Masih
Relevankah Isu Komunisme?
Ade P Nasution ; Dosen di Universitas Riau Kepulauan Batam
|
HALUAN,
10 Juli 2014
Tulisan ini terinspirasi pada isu-isu dan rumor yang muncul dalam
kegiatan kampanye pemilihan presiden (pilpres) 2014. Melalui media sosial,
tim kampanye dan simpatisan kedua calon berupaya menampilkan sisi terbaik
calonnya namun juga berupaya menampilkan sisi buruk dari program capres
saingannya.
Salah satu rumor itu adalah
adanya prasangka akan munculnya kembali paham komunisme di Indonesia jika
salah satu capres tersebut berhasil menduduki kursi No 1 di republik ini.

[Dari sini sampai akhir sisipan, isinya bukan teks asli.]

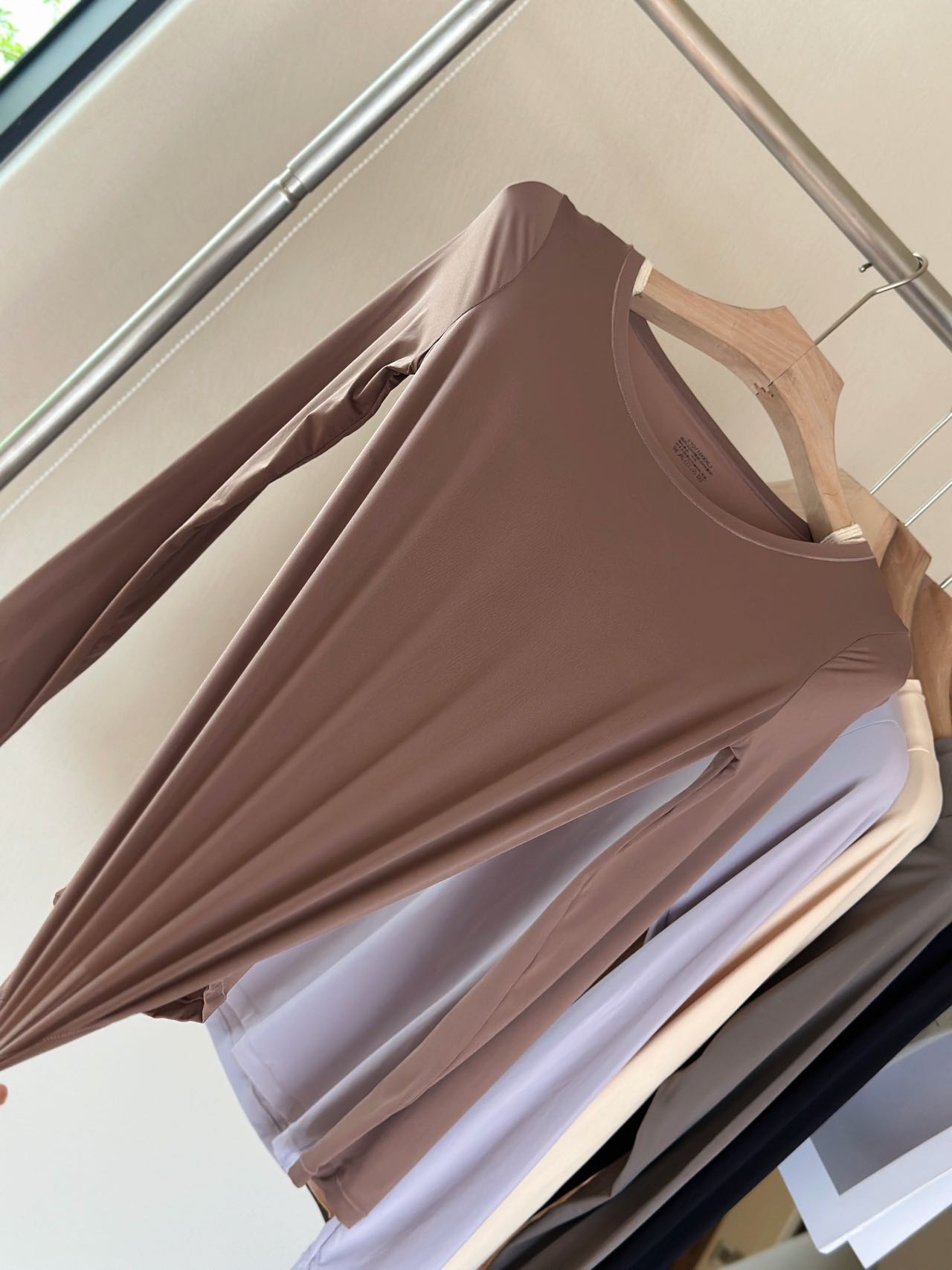 瞬间排湿气,平衡秋冬温感,当身体出汗后水分蒸发会带走热量,所以贴身衣服要足够透气。这件肌底衣的透气水平真的绝了 这款肌底衣虽然看起来薄薄的,但保暖性还非常牛,摸起来还自带温感,刚刚好的舒适~
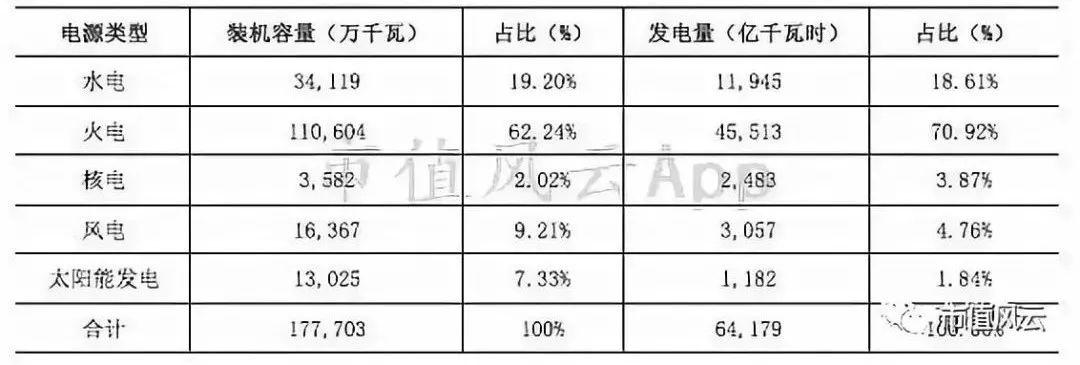 根据中国电力企业联合会《2017年全国电力工业统计快报一览表》,截至2017年12月31日,我国装机容量及发电量电源构成如下表所示:
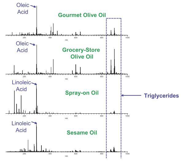 對於橄欖油,我們可針對不同來源(純度不同)橄欖油商品中所含的必需脂肪酸或是三酸甘油脂的成分與含量作分析與半定量方式,比較出油品的純度和來源和種類(圖二)。圖二中有四種油品,Gourmet等級橄欖油、市面常見橄欖油、噴霧式油和芝麻油(由上至下)。使用DART直接分析油品,我們可以看到不同等級的油品(前三者)其三酸甘油脂比例明顯有所不同,另外同是用來做涼拌的健康油品芝麻油,主要是以亞油酸為主,另外三酸甘油脂的比例也不是很高。

Kita sama-sama tahu bahwa rumor belum tentu kebenarannya. Untuk itu saya
menulis tentang apa yang terjadi pada paham komunisme pada saat ini sebagai
bahan renungan untuk kita dapat menyaring rumor tersebut sesuai dengan
kebutuhan kita
Sejak runtuhnya tembok Berlin
pada 1989 dan diikuti dengan bubarnya Uni Soviet beserta negara-negara
satelitnya baik di Asia maupun di Eropa Timur pada tahun 1991, menandai bahwa
salah satu sistem ideologis terkuat di dunia yang ditakuti oleh Amerika dan
Negara-negara Eropa barat telah runtuh yaitu komunisme.
Perang dingin pasca
perang dunia ke-II telah berakhir dan pemenangnya adalah Amerika Serikat dan
sekutunya sebagai bapak kandung paham demokrasi liberal dan kapitalisme.
Patut dicatat bahwa komu nisme
bukan hancur karena kalah perang dengan paham kapitalisme yang digawangi oleh
Amerika Serikat dan Eropa Barat. Tapi komunis hancur karena palu dan buldoser
rakyat yang telah kehilangan keyakinan terhadap ide-ide komunisme.

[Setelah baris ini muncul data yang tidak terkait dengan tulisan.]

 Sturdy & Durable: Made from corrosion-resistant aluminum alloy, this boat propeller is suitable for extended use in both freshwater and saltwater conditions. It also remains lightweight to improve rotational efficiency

Perekonomian negara-negara
komunis terbukti tidak dapat menyesuaikan diri dengan sistem produksi
global yang dikendalikan oleh informasi yang mengakibatkan matinya sektor
industri dan merebaknya pengangguran secara besar-besaran. Dan mereka meragukan
sistem sosial-komunis mereka untuk dapat tetap menjawab tantangan zaman.

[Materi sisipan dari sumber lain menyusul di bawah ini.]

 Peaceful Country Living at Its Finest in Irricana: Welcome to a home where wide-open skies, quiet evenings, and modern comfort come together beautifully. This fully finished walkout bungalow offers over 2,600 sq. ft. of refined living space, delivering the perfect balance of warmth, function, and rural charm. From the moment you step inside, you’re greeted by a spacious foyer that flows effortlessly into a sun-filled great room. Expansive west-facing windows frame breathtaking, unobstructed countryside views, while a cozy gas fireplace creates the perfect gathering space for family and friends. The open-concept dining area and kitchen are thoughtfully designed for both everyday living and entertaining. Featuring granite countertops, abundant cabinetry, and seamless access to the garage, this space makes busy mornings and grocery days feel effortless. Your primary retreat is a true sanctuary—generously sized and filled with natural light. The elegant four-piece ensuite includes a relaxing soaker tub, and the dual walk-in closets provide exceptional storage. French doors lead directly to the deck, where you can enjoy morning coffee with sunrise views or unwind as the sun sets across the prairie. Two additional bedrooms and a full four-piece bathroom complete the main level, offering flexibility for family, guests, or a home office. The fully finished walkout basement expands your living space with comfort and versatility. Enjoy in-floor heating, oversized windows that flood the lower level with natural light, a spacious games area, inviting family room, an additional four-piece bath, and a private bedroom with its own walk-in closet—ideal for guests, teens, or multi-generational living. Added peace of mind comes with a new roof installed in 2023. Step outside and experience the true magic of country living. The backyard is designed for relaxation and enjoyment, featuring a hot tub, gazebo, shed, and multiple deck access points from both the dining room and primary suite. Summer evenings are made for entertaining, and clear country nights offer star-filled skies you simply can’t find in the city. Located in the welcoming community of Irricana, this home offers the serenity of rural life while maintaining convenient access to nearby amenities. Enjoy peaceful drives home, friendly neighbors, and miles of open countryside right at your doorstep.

Runtuhnya sosialisme-komunisme
menyebabkan sistem yang lainnya, yaitu liberalisme-kapitalisme menjadi
satu-satunya ideologi yang berjaya bahkan hingga saat ini. Walaupun ada pula
pemikir-pemikir lainnya yang mempunyai prediksi berbeda tentang konsep
perpolitikan pasca Perang Dingin dan mengemukakan alternatif dari segala kelemahan
sistem liberal agar tetap bertahan dan tidak termakan zaman.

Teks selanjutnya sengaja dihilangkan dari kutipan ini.